------ PROVIDED ENTRIES ------

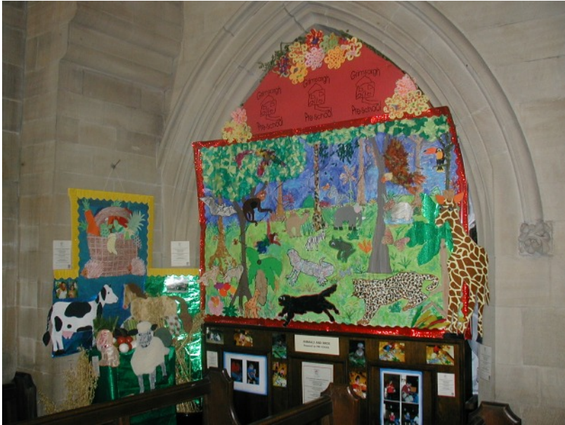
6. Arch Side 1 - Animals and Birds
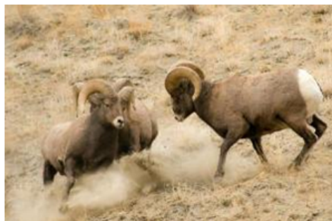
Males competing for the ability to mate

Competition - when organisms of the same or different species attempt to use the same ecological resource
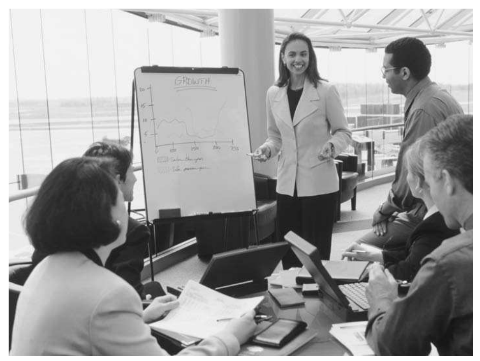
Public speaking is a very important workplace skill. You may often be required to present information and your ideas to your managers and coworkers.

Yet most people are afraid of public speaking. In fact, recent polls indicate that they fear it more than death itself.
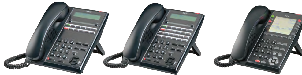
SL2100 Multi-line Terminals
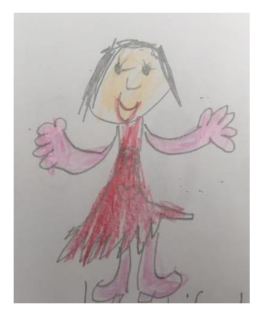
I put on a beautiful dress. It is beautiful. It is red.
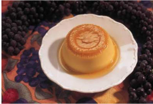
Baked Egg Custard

------
------ PROVIDED ENTRIES ------

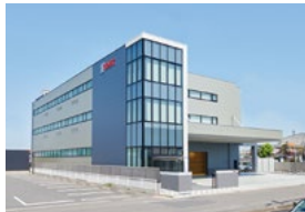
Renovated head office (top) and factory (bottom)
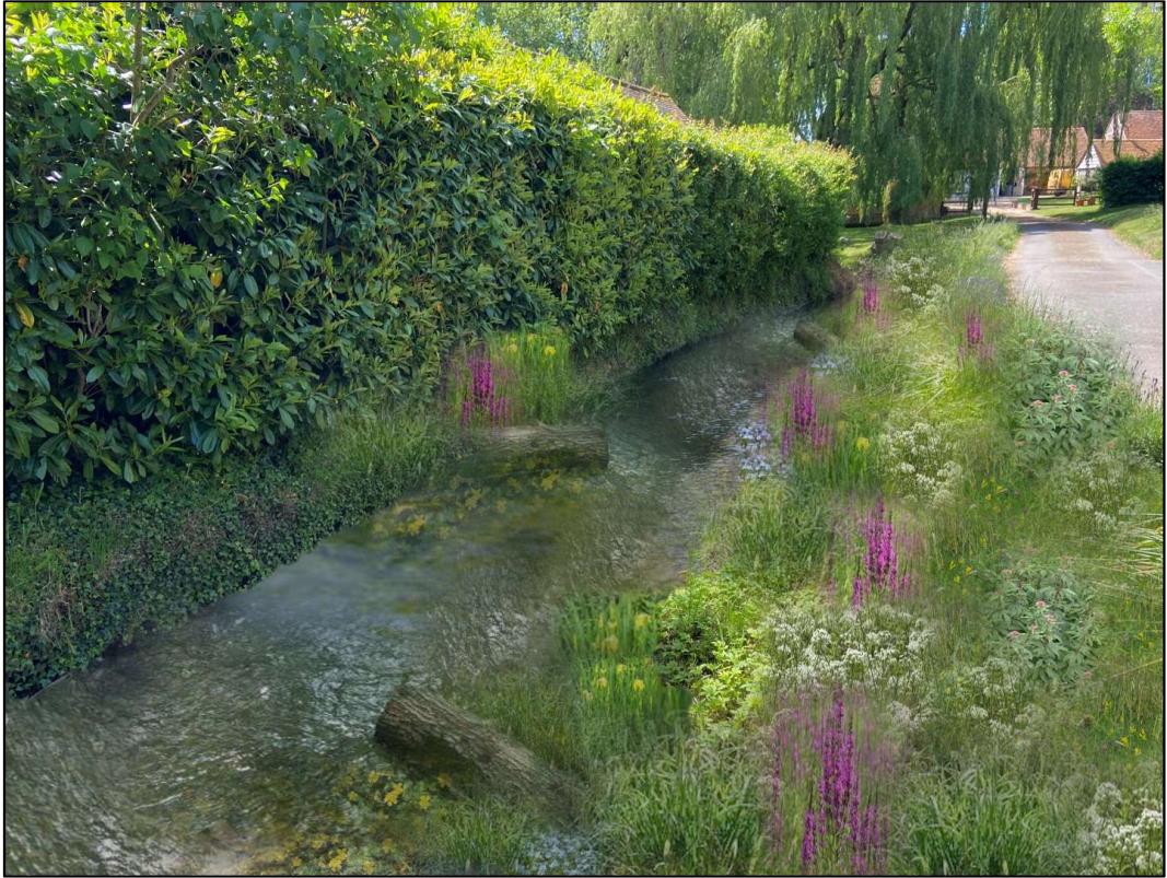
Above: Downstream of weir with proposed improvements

------

● **REQUIRED WORK**
Make an exact copy of the lines above, beginning with the line with "I put on a beautiful" and ending with the line with "Baked Egg Custard", and keep the pictures out of it.

● **SOLUTION TO THIS TASK**
I put on a beautiful dress. It is beautiful. It is red.
Baked Egg Custard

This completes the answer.